De Tijd hält fest: Die britische Regierung hätte Thomas Cook finanziell retten können. Aber sie hat sich geweigert. Völlig zu Recht. Reisen zu organisieren, ist keine Aufgabe für den Staat. Und auch die Zeiten, als Thomas Cook wertvolle Dienste für das britische Empire geleistet hat, wie zum Beispiel den Transport von Truppen nach Khartum 1884, sind längst vorbei, so De Tijd.
Taktik oder glaubwürdiges Angebot?
Mehrere flämische Zeitungen kommentieren die gestrigen Äußerungen von N-VA-Spitzenpolitiker Theo Francken.
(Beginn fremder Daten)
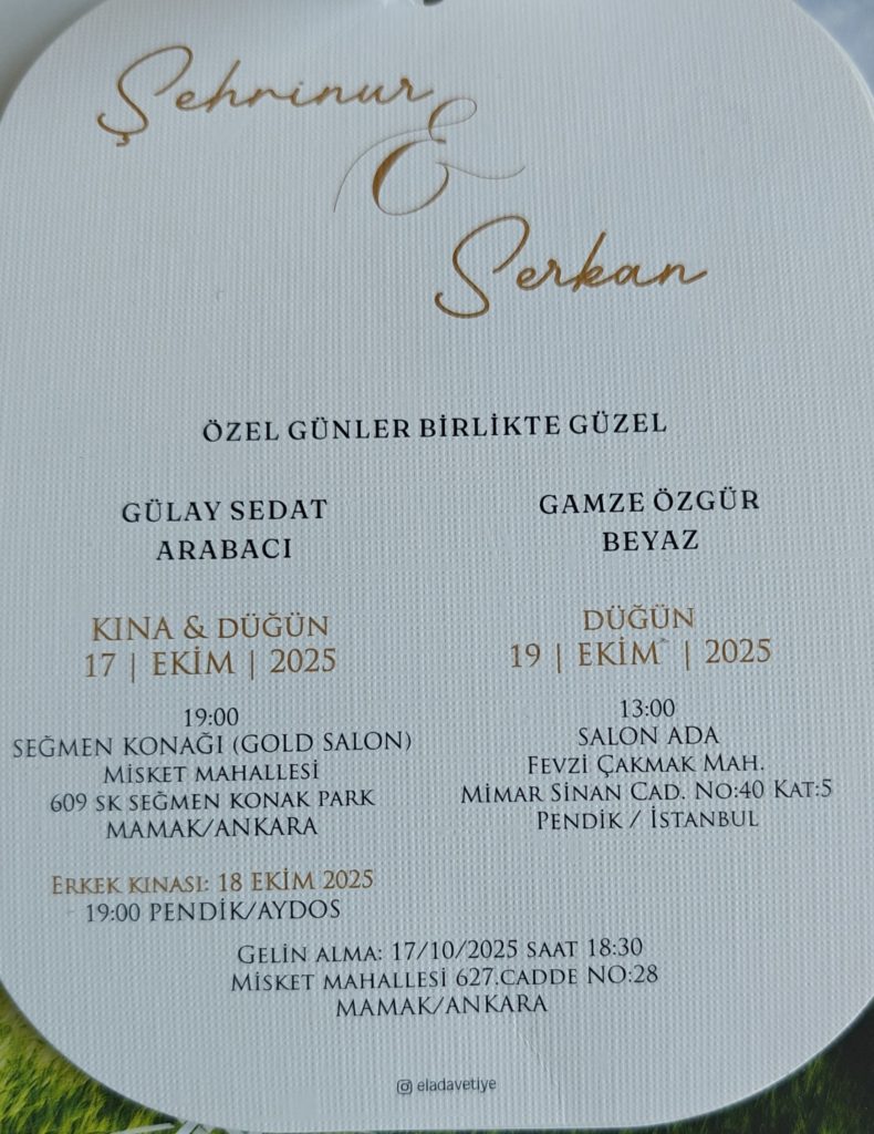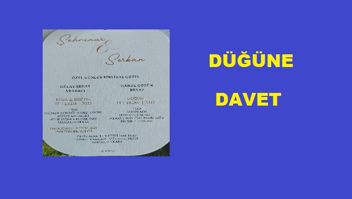 19 Ekim 2025 pazar günü saat 13.00’da Salon Ada Pendik/İstanbul’da düğünü vardır. Bütün dostlarımız davetlidir.

Der hatte im flämischen Radio angekündigt, dass die N-VA bereit sei, die Forderung nach mehr Konföderalismus aufzugeben, wenn die PS mit der N-VA eine Regierungskoalition auf föderaler Ebene eingehen würde.
De Morgen fragt: Was für ein Plan steckt hinter dieser Ankündigung? Ist die N-VA wirklich dazu bereit, eine bisherige Kernforderung aufzugeben, um mit der eigentlich gar nicht geliebten PS zusammen zu regieren? Wahrscheinlich muss man in dieser Ankündigung wohl eher eine Taktik sehen. Die N-VA will zeigen: An uns liegt es nicht. Wir sind zu Kompromissen bereit. Wenn es dann weiter zu keiner Föderalregierung kommt, wäre das nicht die Schuld der N-VA. Auf diese Weise ist man fein raus, erklärt De Morgen.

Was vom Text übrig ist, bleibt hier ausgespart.